◆ Task brief
All pictures are to be omitted while the lines starting at the line with "近日,全國建設科學技術領域的" and ending at the line with "Je passe alors" in the material below are retyped exactly, both ends included.

◆ Provided data
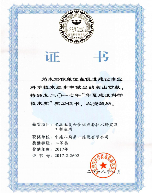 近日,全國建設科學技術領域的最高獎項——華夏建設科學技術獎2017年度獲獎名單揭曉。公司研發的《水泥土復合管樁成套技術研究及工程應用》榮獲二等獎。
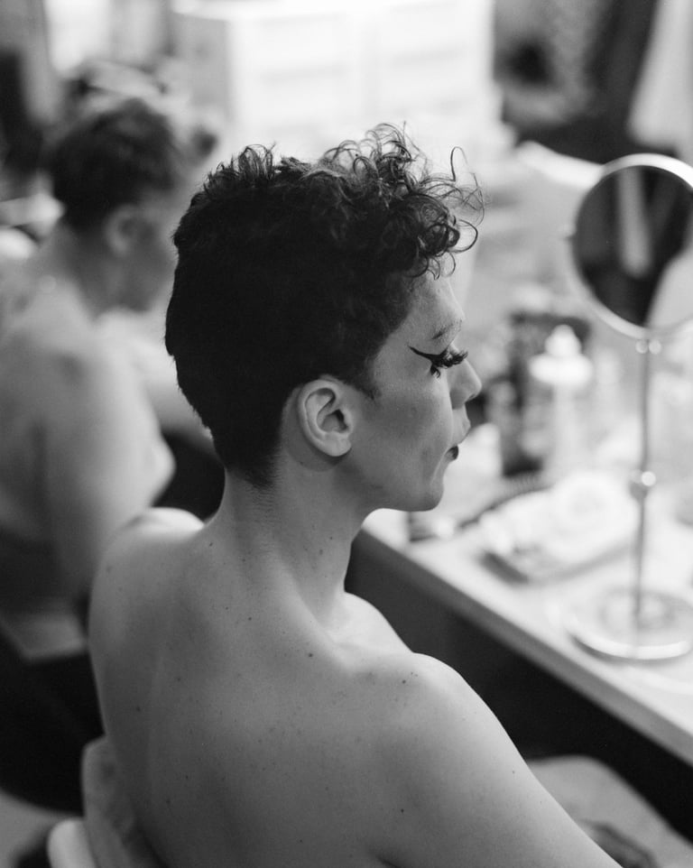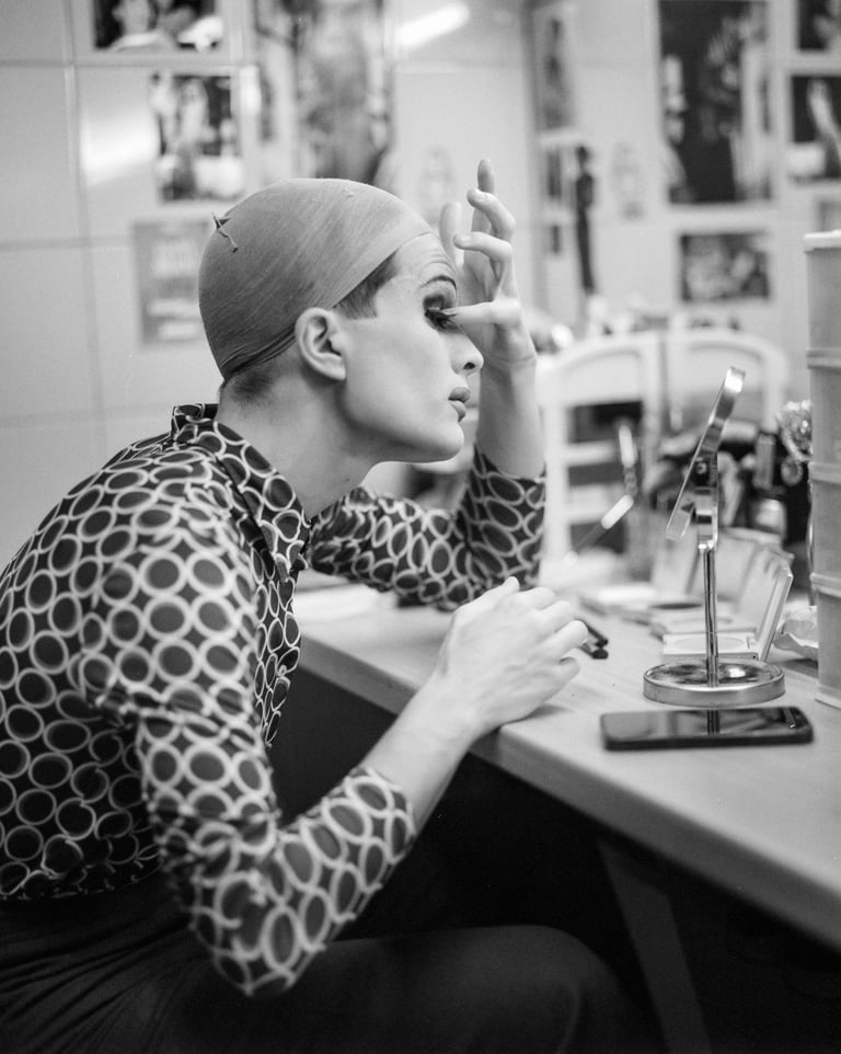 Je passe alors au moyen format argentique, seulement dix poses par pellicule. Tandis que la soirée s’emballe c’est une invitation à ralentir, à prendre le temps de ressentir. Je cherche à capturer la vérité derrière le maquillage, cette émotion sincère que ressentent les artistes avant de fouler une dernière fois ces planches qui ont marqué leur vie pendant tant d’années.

---

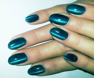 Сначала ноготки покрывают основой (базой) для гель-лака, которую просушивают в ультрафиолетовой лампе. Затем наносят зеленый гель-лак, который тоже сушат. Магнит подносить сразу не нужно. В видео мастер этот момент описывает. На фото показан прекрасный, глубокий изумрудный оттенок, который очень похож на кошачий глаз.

◆ Output of the task
 近日,全國建設科學技術領域的最高獎項——華夏建設科學技術獎2017年度獲獎名單揭曉。公司研發的《水泥土復合管樁成套技術研究及工程應用》榮獲二等獎。
 Je passe alors au moyen format argentique, seulement dix poses par pellicule. Tandis que la soirée s’emballe c’est une invitation à ralentir, à prendre le temps de ressentir. Je cherche à capturer la vérité derrière le maquillage, cette émotion sincère que ressentent les artistes avant de fouler une dernière fois ces planches qui ont marqué leur vie pendant tant d’années.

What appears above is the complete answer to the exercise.